- PROBLEM: Your task is to restate word for word the lines in the material below, from the one with "Браслет Xuping колір" up to and including the one with "Sudoku is easy". Do not carry over the pictures.

- MATERIAL FOR THIS TASK:
■ ■ ■ ■

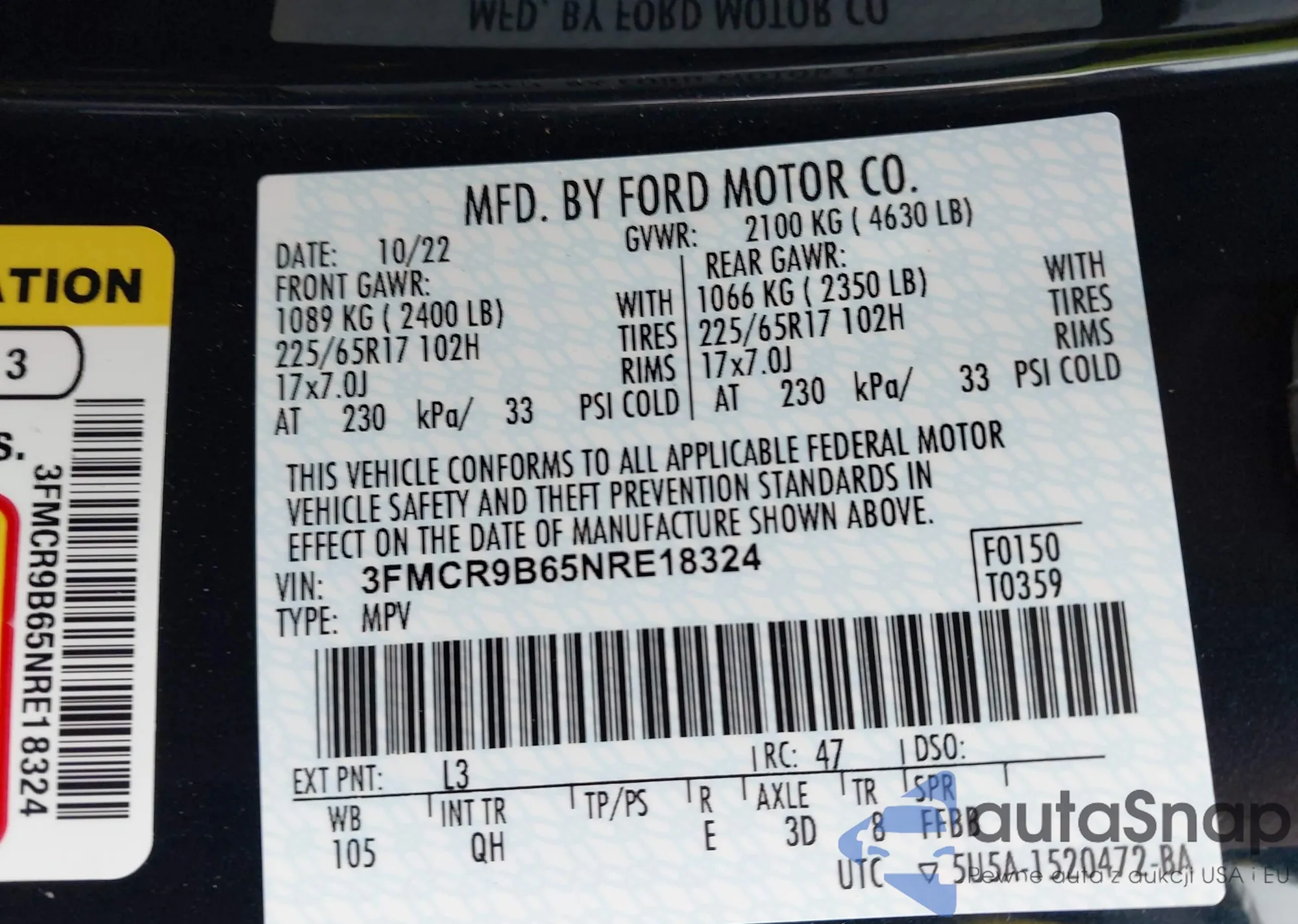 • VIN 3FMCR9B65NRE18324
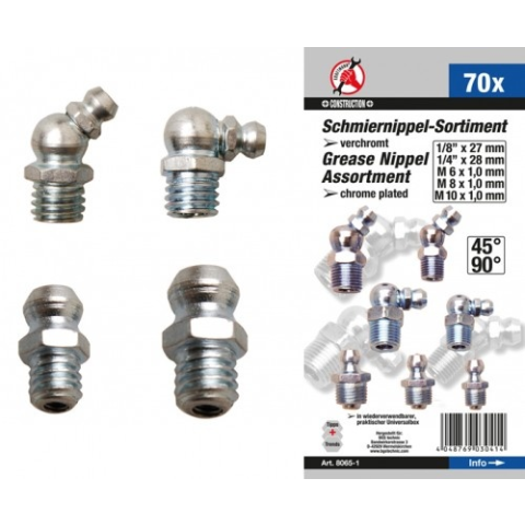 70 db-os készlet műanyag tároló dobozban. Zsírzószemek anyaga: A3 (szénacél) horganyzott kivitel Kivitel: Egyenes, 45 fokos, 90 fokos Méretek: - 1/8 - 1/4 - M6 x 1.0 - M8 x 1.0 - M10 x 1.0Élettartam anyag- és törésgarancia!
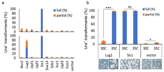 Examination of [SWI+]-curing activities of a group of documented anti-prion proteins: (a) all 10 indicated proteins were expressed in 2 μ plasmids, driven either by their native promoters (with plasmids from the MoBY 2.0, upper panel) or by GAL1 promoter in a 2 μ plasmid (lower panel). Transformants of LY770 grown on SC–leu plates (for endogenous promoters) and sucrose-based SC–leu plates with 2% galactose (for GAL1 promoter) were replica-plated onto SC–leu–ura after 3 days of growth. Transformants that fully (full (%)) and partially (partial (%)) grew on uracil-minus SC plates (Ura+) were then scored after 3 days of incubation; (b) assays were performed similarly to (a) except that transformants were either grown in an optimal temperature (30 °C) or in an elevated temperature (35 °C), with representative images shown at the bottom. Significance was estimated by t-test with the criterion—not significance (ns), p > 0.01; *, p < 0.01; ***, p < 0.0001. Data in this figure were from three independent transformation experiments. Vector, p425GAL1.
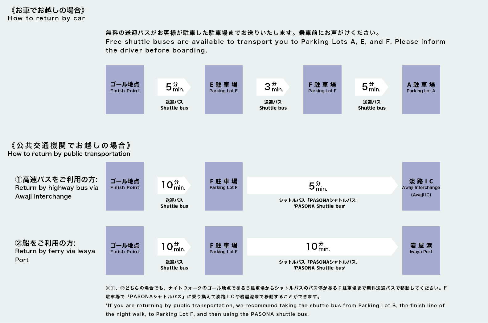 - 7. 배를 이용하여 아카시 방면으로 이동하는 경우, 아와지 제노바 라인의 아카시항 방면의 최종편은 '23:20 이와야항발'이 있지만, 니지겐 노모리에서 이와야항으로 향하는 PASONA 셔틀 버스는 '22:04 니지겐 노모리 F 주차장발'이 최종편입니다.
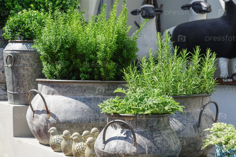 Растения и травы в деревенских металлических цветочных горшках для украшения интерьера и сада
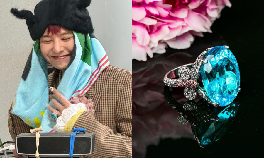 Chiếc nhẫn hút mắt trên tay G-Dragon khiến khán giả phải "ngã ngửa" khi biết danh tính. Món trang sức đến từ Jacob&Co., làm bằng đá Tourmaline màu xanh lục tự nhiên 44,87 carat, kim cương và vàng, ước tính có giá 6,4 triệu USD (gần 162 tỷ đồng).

■ ■ ■ ■

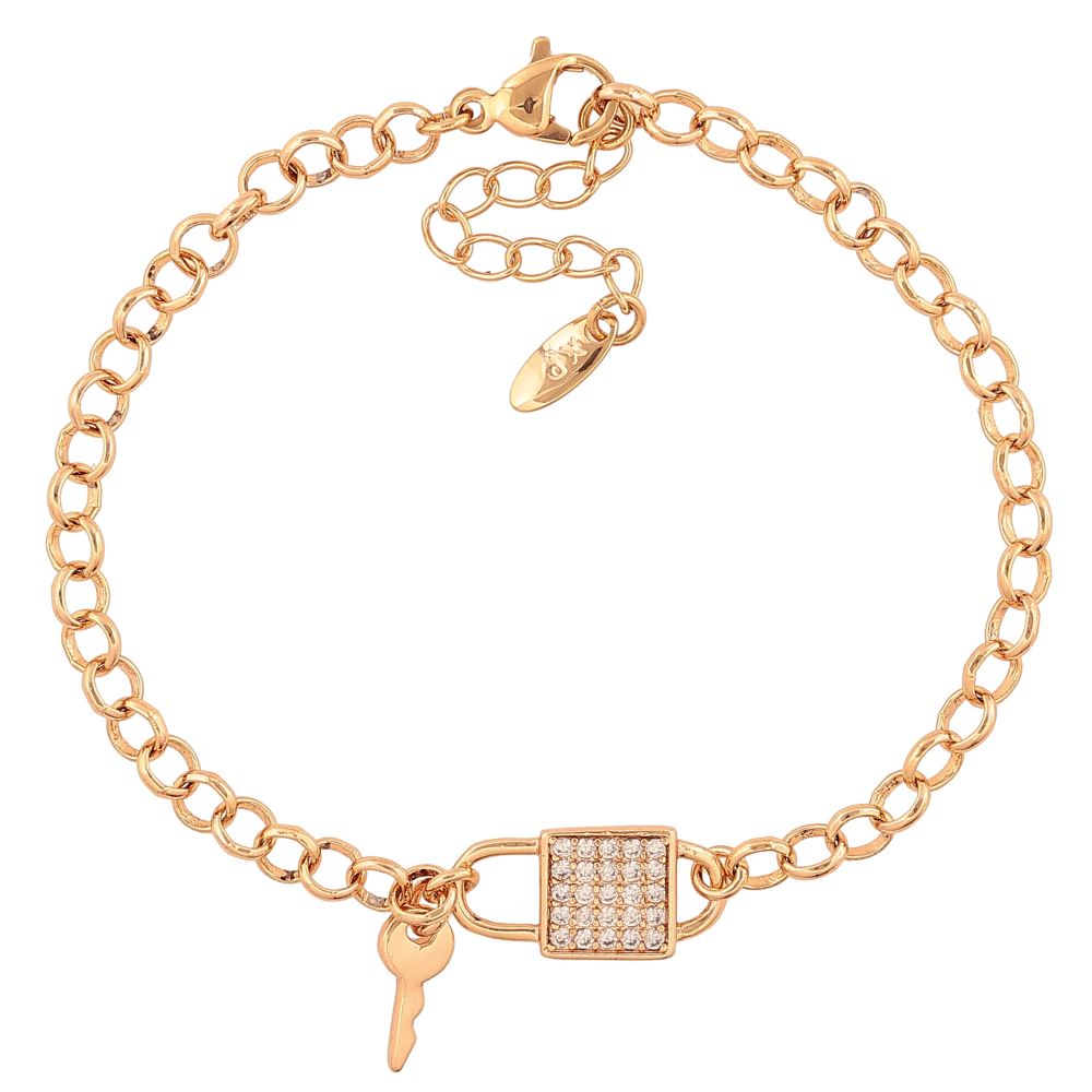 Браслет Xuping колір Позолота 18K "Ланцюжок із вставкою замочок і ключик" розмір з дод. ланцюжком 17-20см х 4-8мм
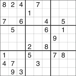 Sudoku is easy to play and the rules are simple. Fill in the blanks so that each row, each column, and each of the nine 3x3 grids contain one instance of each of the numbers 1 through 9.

■ ■ ■ ■

- SOLUTION TO THIS TASK:
 Браслет Xuping колір Позолота 18K "Ланцюжок із вставкою замочок і ключик" розмір з дод. ланцюжком 17-20см х 4-8мм
 Sudoku is easy to play and the rules are simple. Fill in the blanks so that each row, each column, and each of the nine 3x3 grids contain one instance of each of the numbers 1 through 9.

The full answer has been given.